Dans la nuit, le ciel piqueté d'épingles blanches se ride comme un tissu de moire froissé. Ou plutôt, son image se plisse dans les eaux limpides d'un lac miroitant d'obsidienne. Un cygne blanc, seul, évolue sur le lac, son cou gracieux courbé vers son reflet. Une larme coule le long de son bec tel un diamant brillant au clair de lune et vient troubler son double noir.

Autrefois fée, aujourd'hui créature mortelle, l'ensorcelée pleure sur son passé, l'ensorcelée pleure sur sa liberté envolée. Un collier maudit à l'or rougeoyant l'emprisonne sous cette forme, présent empoisonné d'un magicien jaloux voulant se venger du rejet de son noir cœur offert autrefois.

Dans la nuit, le ciel piqueté d'épingles adamantines se ride comme un tissu de moire froissé. Par un étrange mystère, le reflet d'obsidienne du cygne d'albâtre relève la tête et le fixe de son perçant regard. L'oiseau blanc n'est plus seul. L'espoir se lit dans ses yeux brillants tandis qu'il interroge son reflet vivant.

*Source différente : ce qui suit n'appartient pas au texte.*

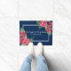 水彩赤とピンクの花濃紺 ドアマット
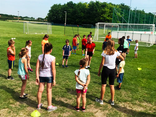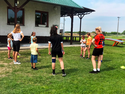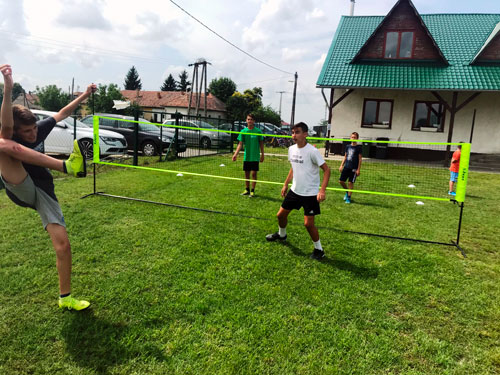 A koronavírusos idõszak sajnos csapatunkat is pihenésre kényszerítette. Március óta szüneteltek az edzések. Lassan tudjuk csak újra beindítani az edzéseket, ezért kifejezetten nagy öröm volt számunkra a Tápiószõlõsi Focitábor meghívása. A Tápiószõlõs Községi Sportegyesület által szervezet ötnapos tábor egyik délelõtti programsorozatában kaptunk helyet. Nagy Máté sportágelméleti ismertetõje után, Árvai Milán ismertette az érintések és a rúgások szabályait. Mezei Gábor és Szigedi Barbara pedig bemutatták az egyéni, a páros és a csapat felállásokat és játékmeneteket. A hátralévõ idõ a gyerekeké volt. A játékosokkal négy kiscsoportot alkotva, mindenki elsajátította a rúgások és a levételek alaptechnikáját. A csoportos foglalkozások után hálónál próbálhatták ki magukat a gyerekek. Két pályán 20-30 gyermek játszott folyamatosan. A lábtoll-labdázós programot egy indián játékkal zártuk. Hatalmas élmény volt számunkra. Köszönjük a meghívást! Reméljük hamarosan egy újabb Tápió-vidéki település csatlakozik a lábtoll-labdázó közösséghez!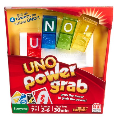 -. Binding : Toy -. Brand : Mattel -. EAN : 0746775200060 -. Feature : Get ready for a new twist to the classic game of UNO / Fast Fun for everyone with the added excitement of a power play / Power Towers can be used to block action cards or sabotage opponents / Collect all 4 Power Towers and get an instant UNO / Includes 112 UNO cards, 4 Power Towers and discard tray -. IsAdultProduct : 0 -. Label : Mattel -. Manufacturer : Mattel -. Model : Y2316 -. MPN : Y2316 -. NumberOfItems : 1 -. PackageQuantity : 1 -. PartNumber : Y2316 -. ProductGroup : Toy -. ProductTypeName : TOYS_AND_GAMES -. PublicationDate : 0100 -. Publisher : Mattel -. Studio : Mattel -. Title : UNO Power Grab Game -. UPC : 787551559118 -. Warranty : 1 year warranty against manufacturer defects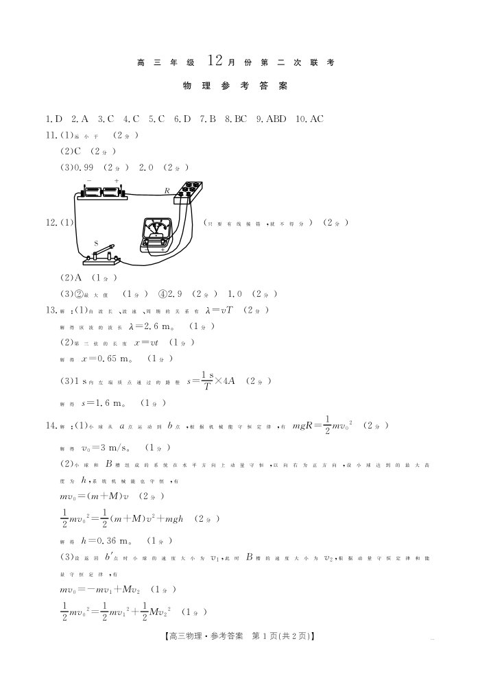河北省邢台市部分高中2024-2025学年高三上学期12月第二次联考 物理答案.pdf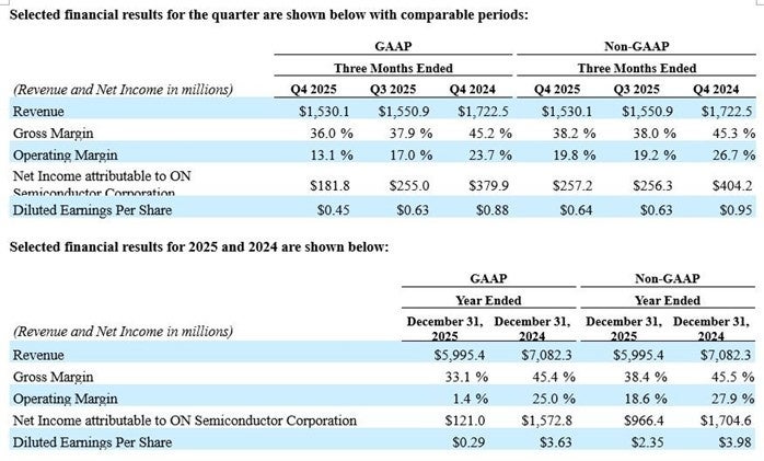 オンセミ(本社: 米国アリゾナ州スコッツデール、Nasdaq:ON)は、2025年第4四半期および2025年度の決算結果を発表しました。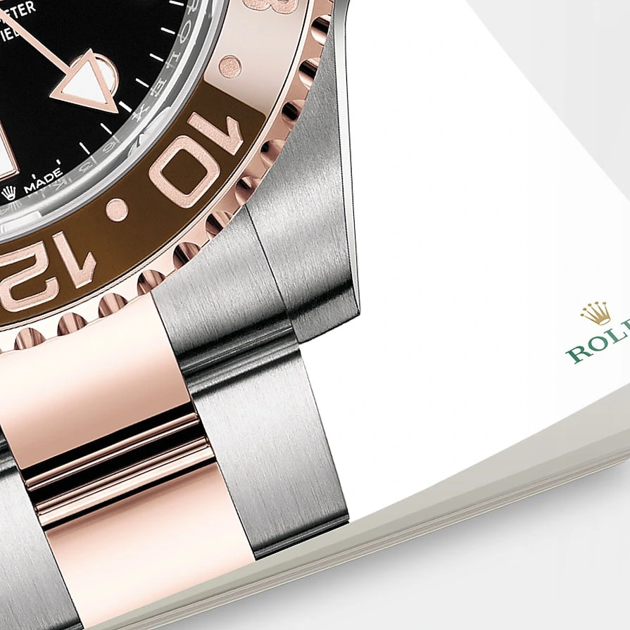 This model features a black dial and a two-colour Cerachrom bezel insert in brown and black ceramic. Designed to show the time in two different time zones simultaneously during intercontinental flights, the GMT-Master II has come to be recognized for its robustness and versatile appearance.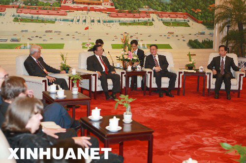 6月19日,全国人大常委会委员长吴邦国在北京人民大会堂会见出席第五届亚欧议会伙伴会议各代表团团长。 新华社记者鞠鹏摄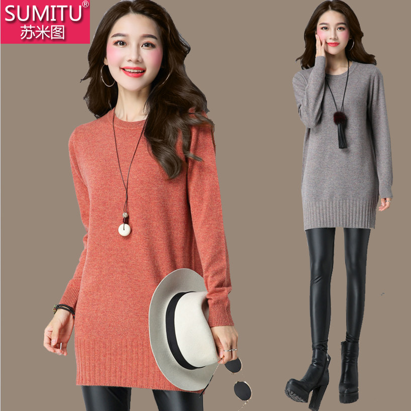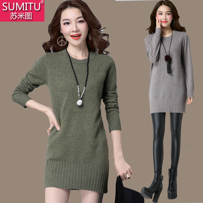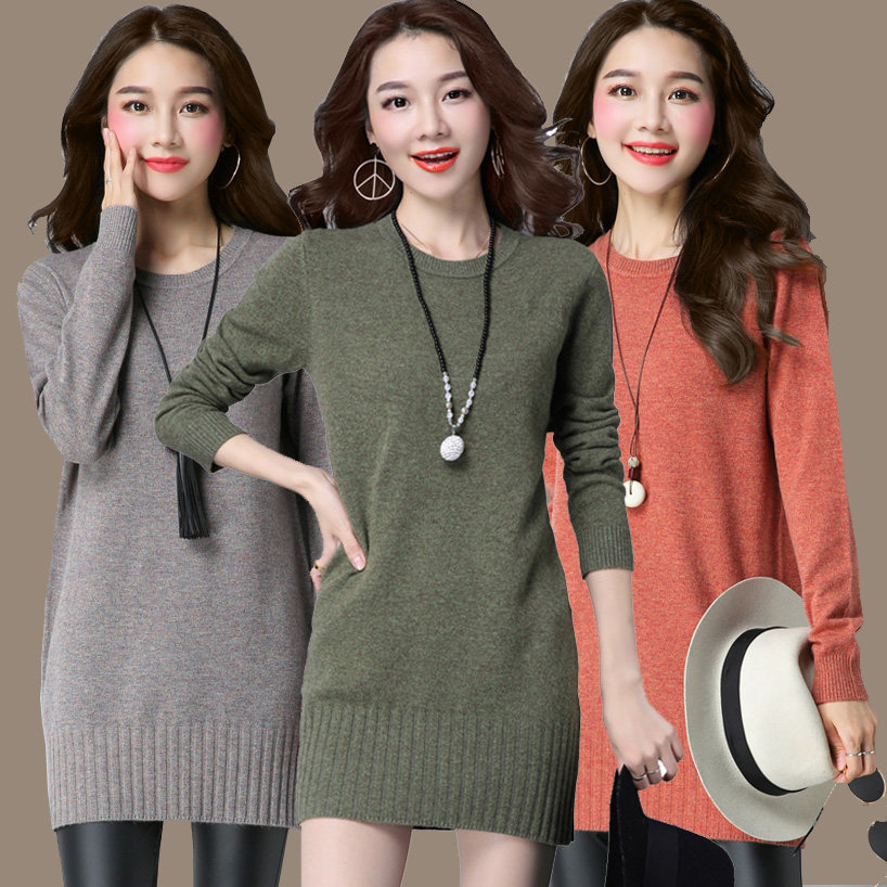 Sweater women's mid-length version 2022 new Korean version round neck loose pullover knitted bottoming shirt warm sweater skirt winter

Autrefois fée, princesse bien entourée, aujourd'hui créature mortelle et solitaire, l'ensorcelée s'interroge : quel bon génie donne soudain vie à son reflet pour qu'il lui tienne compagnie ? Le collier maudit a disparu du cou du cygne noir qui lui sourit du regard, ce bijou maudit qui lui rappelle sa vanité d'autrefois.

Dans la nuit, le ciel piqueté d'épingles adamantines se ride comme un tissu de moire froissé. Le sombre reflet se détache de l'oiseau lumineux, émerge de l'eau, ruisselant, face à son double au cœur palpitant d'espoir. Cygne blanc face à cygne noir, jour et nuit, espoir déçu face à la cruauté d'un ardent regard.

Autrefois fée, attirant l'amour, aujourd'hui créature malheureuse ayant donné son cœur à un prince chasseur, l'ensorcelée commence à comprendre en voyant le magicien des eaux émerger des roseaux. Le cygne noir qui lui avait donné tant d'espoir se tourne vers le cruel sorcier. D'un battement de ses ailes d'ébène, l'oiselle quitte le miroir du lac...

Dans la nuit, le ciel piqueté d'épingles adamantines se ride comme un tissu de moire froissé. Le cygne noir, dans une brume ensorcelée, grandit, ses pattes s'allongent en jambes fuselées, ses ailes perdent leurs plumes, deviennent bras admirablement formés, son corps rond se change en buste délié, et son visage... son visage est celui du cygne blanc avant qu'il ne fût métamorphosé.

Autrefois fée, par l'âme comme par la beauté, aujourd'hui oiseau pataud dès lors qu'il ne danse plus sur l'eau, l'ensorcelée sent l'amour et la vie lui échapper. Celui qu'elle aime sera séduit par son double sulfureux au regard provocateur, celui qu'elle aime oubliera sa pureté, sa candeur d'astre timide pour la chaleur, la malice de la doppelgänger.

Cygne blanc, cygne noir, au premier la mort, au deuxième la victoire.